National Flood Insurance and the Cost to the American Taxpayer
Every American taxpayer is footing the bill for the National Flood Insurance Program, which subsidizes the costs inherent in building and owning property in high-risk areas along shorelines and on flood plains. It has never paid for itself. The premiums are artificially low and do not reflect the risk involved. The program is currently $18,000,000,000 (BILLION) in debt.
Property & Casualty Insurers in the private sector have always declined to provide insurance coverage against floods or losses caused by surface water. There is a great reason for this – it is impossible to make a profit! Insurance companies are not charitable organizations. And in order to make a profit, it is necessary to analyze and spread risk. Since one cannot compel a homeowner living on a mountain to buy flood insurance, it is not possible to adequately spread the risk.
Companies who sell property insurance are betting that a certain type of loss won’t happen.
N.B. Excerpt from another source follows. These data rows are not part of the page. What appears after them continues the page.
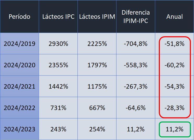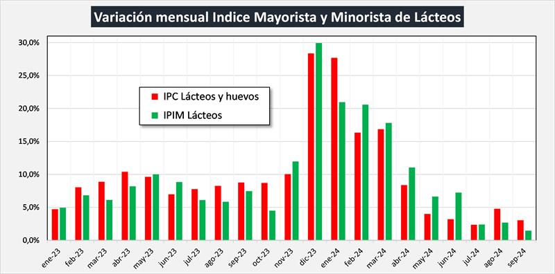 El índice mayorista de precios de los Lácteos registró un aumento de 1,5% en septiembre de 2024 respecto del mes anterior, se incrementó un 132,8% en los primeros 9 meses del año y la comparación anual con septiembre de 2023 arrojó un incremento del 254,0%, marcando en los lácteos un incremento interanual bastante superior al índice general y a la categoría de alimentos en los que se los incluye.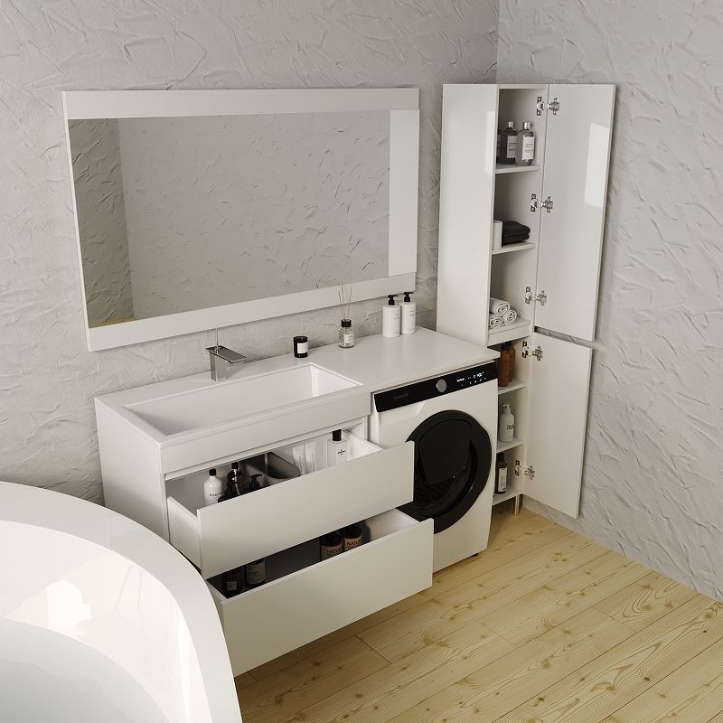 Тумба под раковину Style Line Даллас Люкс Plus 140 L СС-00002386 подвесная под стиральную машину.Характеристики:Цвет: белый.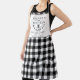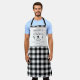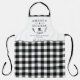 Faites-vous posséder ce magnifique tablier motif noir et blanc à damiers, avec la possibilité de customiser les quatre zones de texte avec votre propre message! Conception avec une belle zone pour votre texte, rehaussée de spatule, mélange de bols, fourche et whisk détails. Une idée cadeau unique !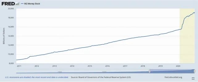 按照摩根大通在一周前发布的最新行业报告中的解释就是,美国当前的货币和财政刺激举措正在成为世界各地去美元化的催化剂。最重要的是,目前美联储仍在以每月1200亿的规模在购买基础债券,如果按美国货币基数10倍测算,那么这1200亿基础流动性转换成M2将变成1.2万亿美元的规模,下图这根M2大直线完美的诠释了这个过程。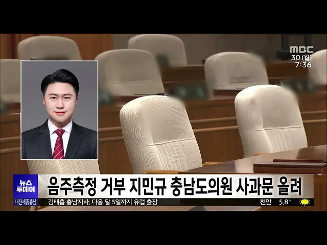 뉴스투데이 뉴스데스크뉴스투데이뉴스데스크 VOD(전체 다시보기)뉴스투데이 VOD(전체 다시보기)유튜브뉴스페이스북 뉴스카카오톡 뉴스인스타그램 뉴스 prev 2023.10.30 - 월요일 next 작업까지 자율로..미래 농업 경쟁력 확보한다/투데이 ◀ 앵 커 ▶자율주행 기술이 도로 위 자동차에서농기계까지 적용을 확대하고 있습니다.농촌의 고령화로 인한 노동력 감소 문제를 해결할 대안이 될 수 있을지 주목됩니다.김광연 기자가 보도합니다.◀ 리포트... 문은선 충남 럼피스킨 긴급백신 접종율 20%.. 꾸준한 확산 소 럼피스킨병 확산세가 전국적으로이어지고 있는 가운데,충남도가 긴급 백신 접종에 나섰지만완료율은 20%에 그치고 있습니다.충남도는도내 긴급 백신 대상 소는 52만 3천 두로,이 중 10만 8천 두를 대상... 김태욱 음주측정 거부 물의 지민규 충남도의원 SNS에 사과 지난 24일 새벽 천안시내 한 도로에서 보호난간을 들이받은 뒤 음주측정을 거부해 물의를 빚은 지민규 충남도의원이 개인 SNS에 사과문을 내고 음주운전 사실을 시인했습니다.지 의원은 사고 이후 변명은 ... 김태욱 김태흠 지사, 다음 달 5일까지 독일·폴란드 출장 김태흠 충남지사가 투자협약과설명회 개최 등을 위해 어제부터다음 달 5일까지 6박 8일 일정으로독일·폴란드 출장길에 오릅니다.충남도는 먼저 독일 바이에른주를 방문해교류 활성화 방안을 논의하고,독일... 김태욱 이완섭 서산시장, 국토부장관에 서산공항 등 현안 협조 요청 이완섭 서산시장이 성일종 의원의 서산 사무실에서 원희룡 국토부장관을 만나 예타 문턱에 막힌 서산공항과 중부권 동서횡단철도 등 현안 사업협조를 요청했습니다.서산시는 이 시장이 대산항과 석유화학... 김태욱 검찰, '文정부 통계 조작 의혹' 강신욱 전 통계청장 소환 조사 문재인 정부의 통계 조작 의혹을 수사 중인 검찰이 강신욱 전 통계청장을 소환해 조사하는 등 수사에 속도를 내고 있습니다.대전지검은 지난 27일 강 전 청장을 피의자 신분으로 불러 조사를 벌였으며지난... 김윤미 비노조원 폭행 등 한국타이어 민주노총 조합원 2명 징역형 비노조원을 폭행하고 화물차량 운송을 방해한 혐의로 기소된 한국타이어 민주노총 소속 조합원 2명에게 징역형이 선고됐습니다.대전지법 형사4단독 황재호 판사는 업무방해 등의 혐의로 재판에 넘겨진민주... 김윤미 세종 스마트 국가산단 최종 승인.. 2029년 완공 세종시 연서면 일대에 추진 중인스마트 국가산업단지 조성사업이 지난 2018년 후보지 선정 이후 5년 만에국토교통부로부터 최종 승인을 받았습니다.세종 스마트 국가산업단지 조성 사업은연서면 일원 275... 김태욱 세종시의회 '지방법원·행정법원 설치 촉구 결의안' 채택 세종시의회가 인구 증가와 행정기관 이전 등에 따른 사법 수요 증가에 부응할 법원 설치를강력히 촉구하고 나섰습니다.세종시의회는 최근 임시회 본회의에서시민 사법 접근성 제고와 효율적인 행정소송 대... 김윤미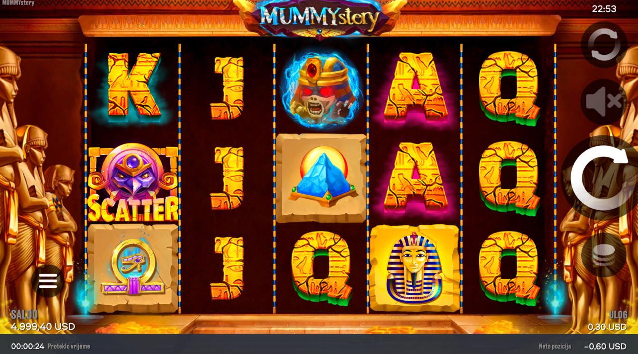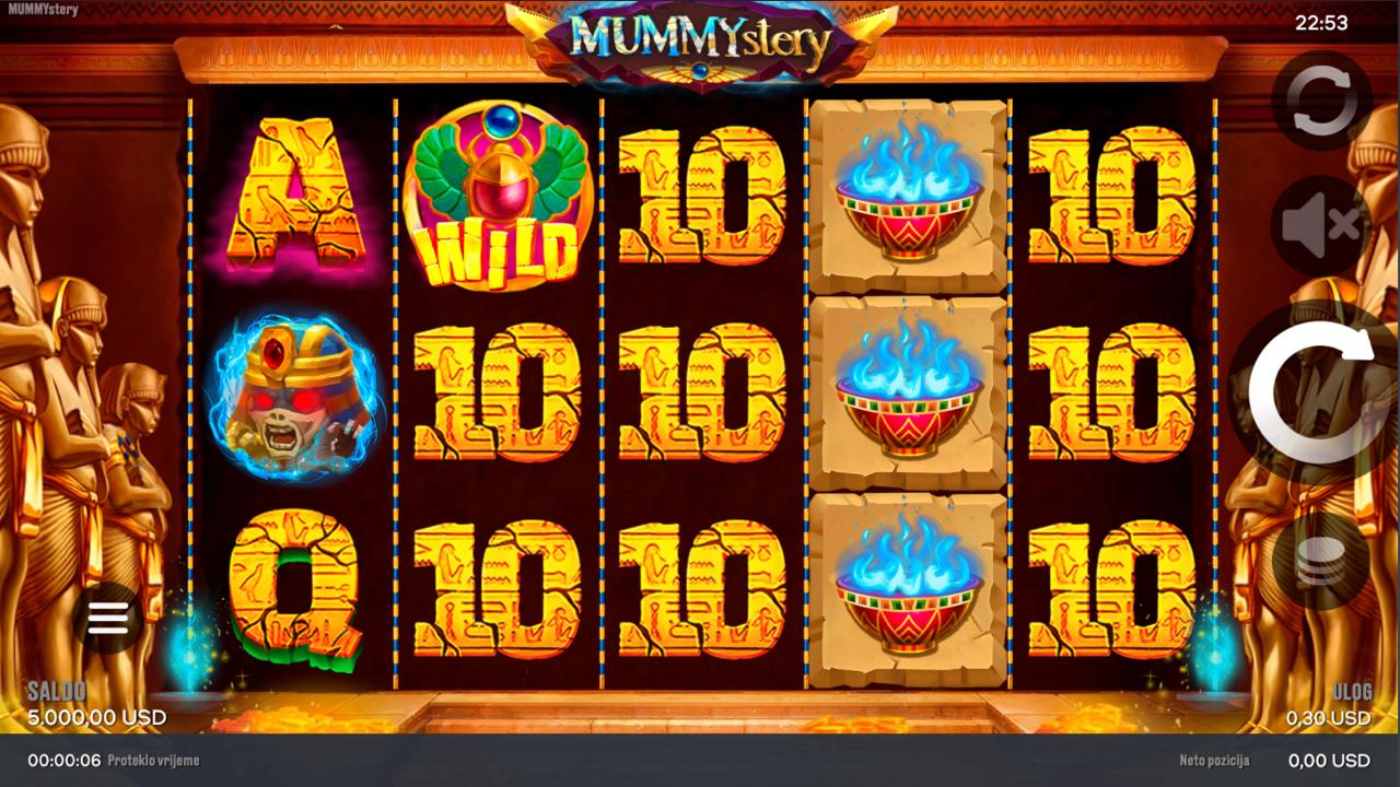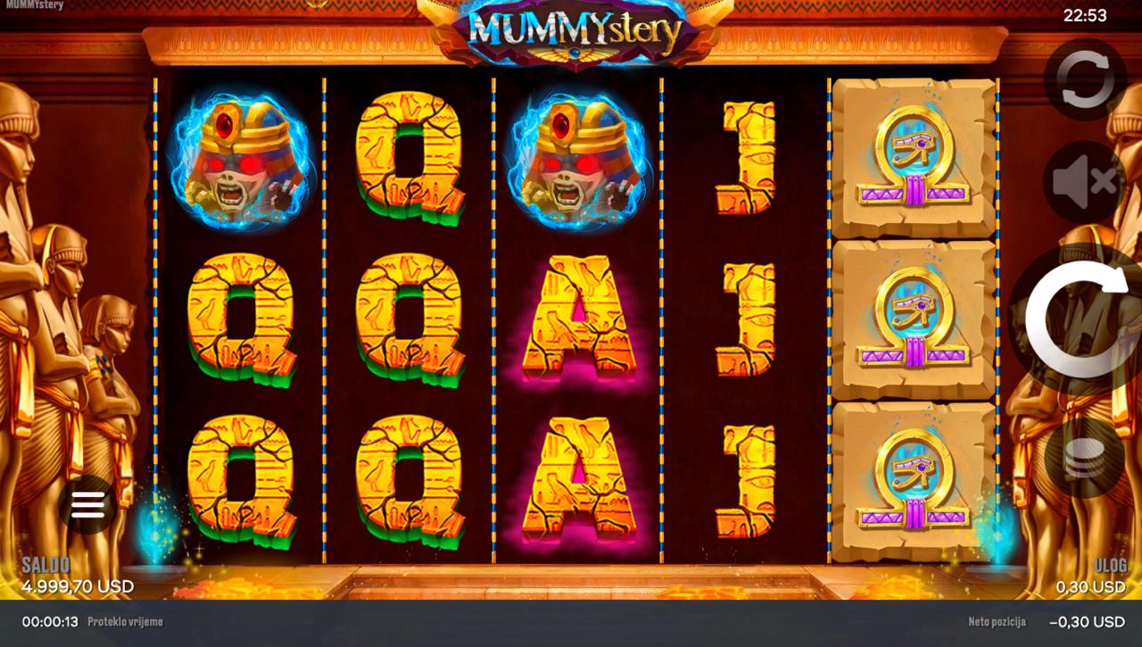 MUMMYstery igra se na 5 rola, a cilj je složiti iste simbole na aktivnim linijama, počevši s lijeve strane kako bi se ostvarili dobitci. Simboli inspirirani egipatskom mitologijom donose različite razine nagrada, dok posebne kombinacije mogu stvoriti dodatne prilike za veću isplatu. Postavi željeni ulog, zavrti role i prepusti se tajanstvenoj avanturi kroz svijet drevnih blaga!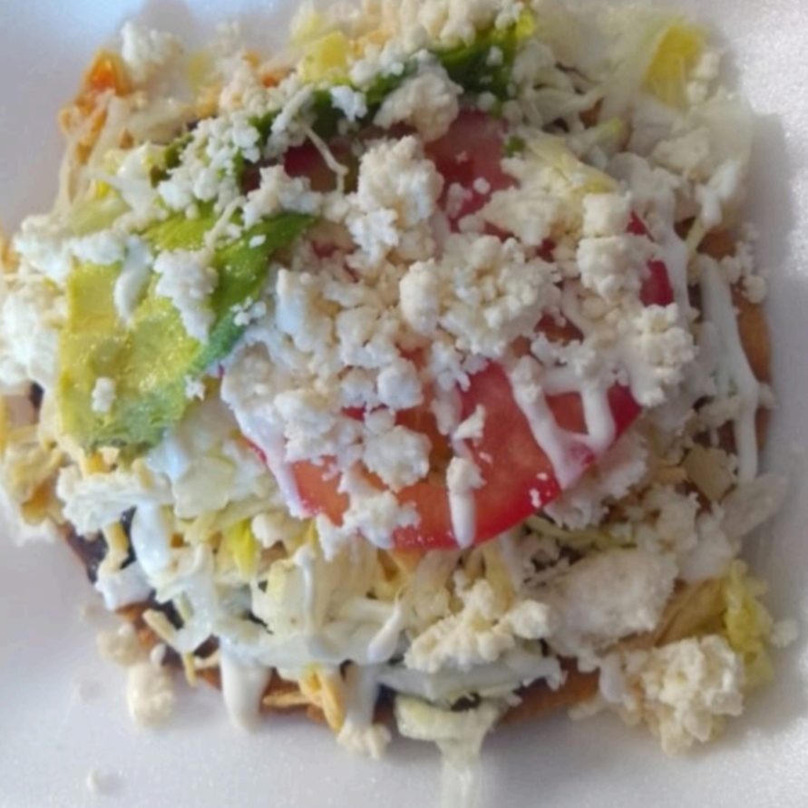 Frijol,lechuga,pollo,crema,queso y aguacate y tomate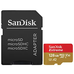 Especificações de Cartão de Memória Micro SD Sandisk Extreme U3 V30 128GB 4K - SDSQXAA-128G-GN6MA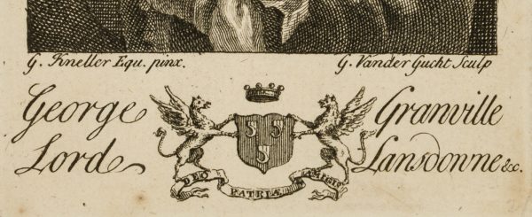 - Inscription: Signed on the left below the print “G. Kneller Equ. pinx.” and on the right “G. Vander Gucht Sculp”, inscribed below with the sitter’s name “George Granville Lorde Lansoonne”.
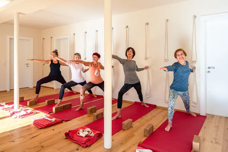 Neu eingestiegen oder fortgeschritten – Die yogamood-Praxis bietet durch die Individualität und die Nutzung von Hilfsmitteln wie Seilen, Stühlen, Polstern und Blöcken für jeden eine intensive Yogapraxis. Langjährige Unterrichtserfahrung mit vielfältiger Expertise auch aus der Sportwissenschaft und Forschung ermöglicht sogar Yogatherapie.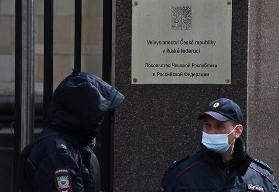 Law enforcement officers stand guard at the entrance of the Czech Republic Embassy in Moscow, Russia. Moscow announced its decision to expel 20 Czech diplomats in response to the expulsion of Russian diplomats from Prague and gave the Czech diplomatic staff time until the end of Monday to leave Russia. 19.04.2021#6521728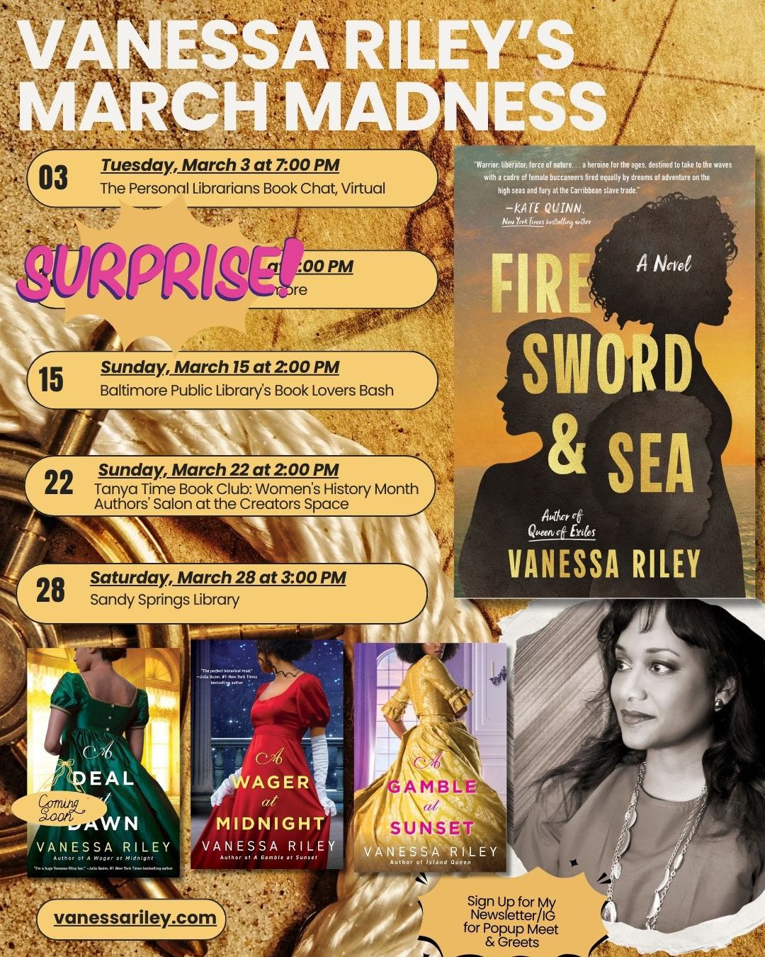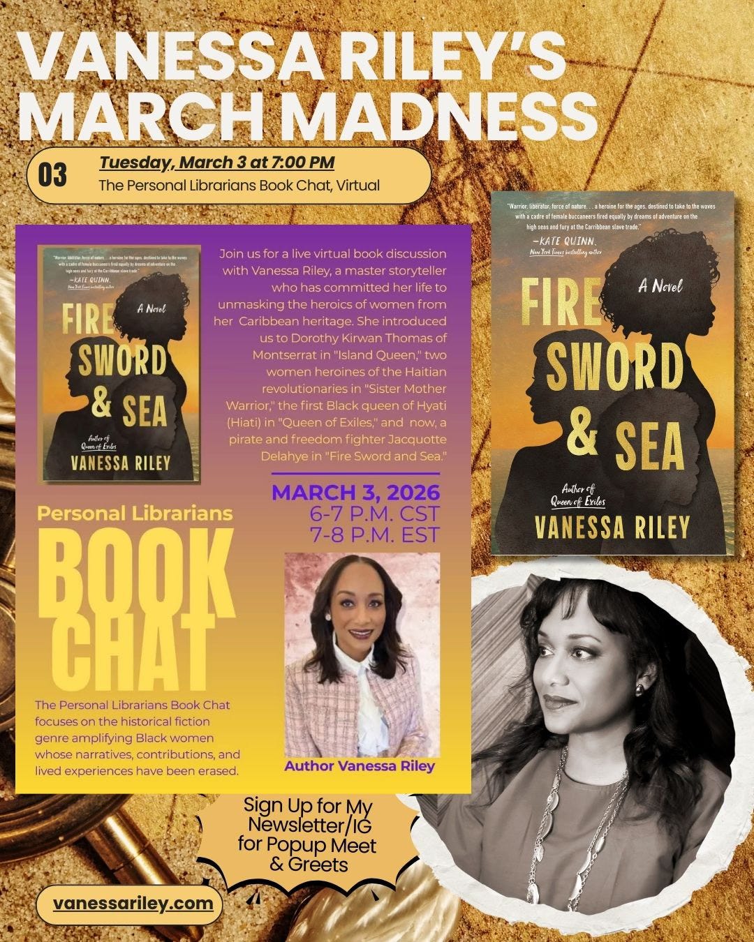 Fire Sword and Sea — Vanessa Riley: A sweeping historical novel that exposes pirates, sisterhood, and survival in the chaotic and diverse 17th-century (1600s) Caribbean.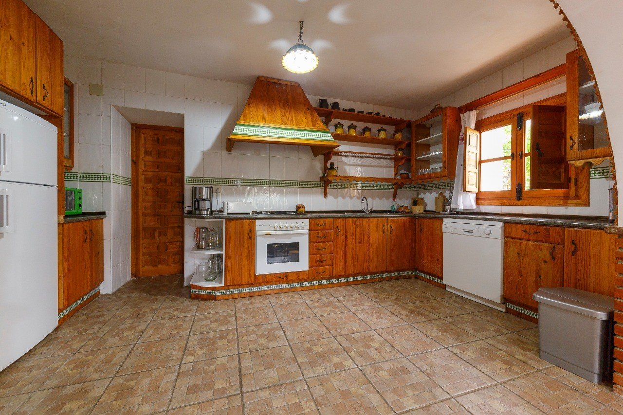 En la planta baja está el patio con acceso a las principales habitaciones de la casa. A su derecha está el comedor, cocina, despensa y cuarto de lavar. A la izquierda se sitúa un gran salón (50 m2) con chimenea y dos sofás-cama, ubicándose a continuación al fondo un baño de 10 m2. Desde el patio, la escalera de la izquierda nos conduce a las plantas superiores. Al fondo del patio tenemos también acceso directo al garaje

They take many factors into account such as the location of the property, its proximity to a fire hydrant and the nearest fire department, the type of construction, the year of construction, the local building codes, whether the property owner has burglar alarms or a sprinkler system and the type of dog one owns. Premiums are based upon the risks that a certain type of claim will occur in a particular geographic area over a period of time.
Floods, earthquakes, volcanic eruptions and mudslides are not good bets. Property insurance was originally to cover one risk only – fire. If one purchased fire insurance one had a plaque on the house and the fire department would try to put out the fire. If there was no plaque, well…..too bad for you!
The federally subsidized flood insurance essentially rewards bad judgment in that it pays people who sustain damage after building in a high-risk location. If a homeowner rebuilds in the same place and sustains flood damage from multiple events, the national flood insurance will pay again and again. There is no incentive for people to move to a place with less risk.
It is extremely rare for a tornado to destroy the same house twice. I’ve seen it happen once in 30 years of claims handling. It is highly unlikely that a homeowner will experience more than one catastrophic house fire. However, the same properties are damaged or destroyed multiple times by surface water or flooding. And we pay for it. The American taxpayer should not have to subsidize the risk for people who choose to live on the ocean or the banks of a river.
I would love to live on the beach. But if I choose to purchase waterfront property, I must be prepared to accept the risks. I should not expect my fellow American citizens to subsidize my choices. We Americans cherish our rights to make choices about how and where we will live. But part of that privilege should also include the acceptance of the risks associates with our decisions. Our founding fathers understood there was risk in making decisions. Unfortunately, many today do not. But in any event, homeowners in Nebraska or West Virginia should not have to foot the bill for people who own beachfront property in Florida or New Jersey. And with the National Flood Insurance Program being billions in debt, we all have to pay.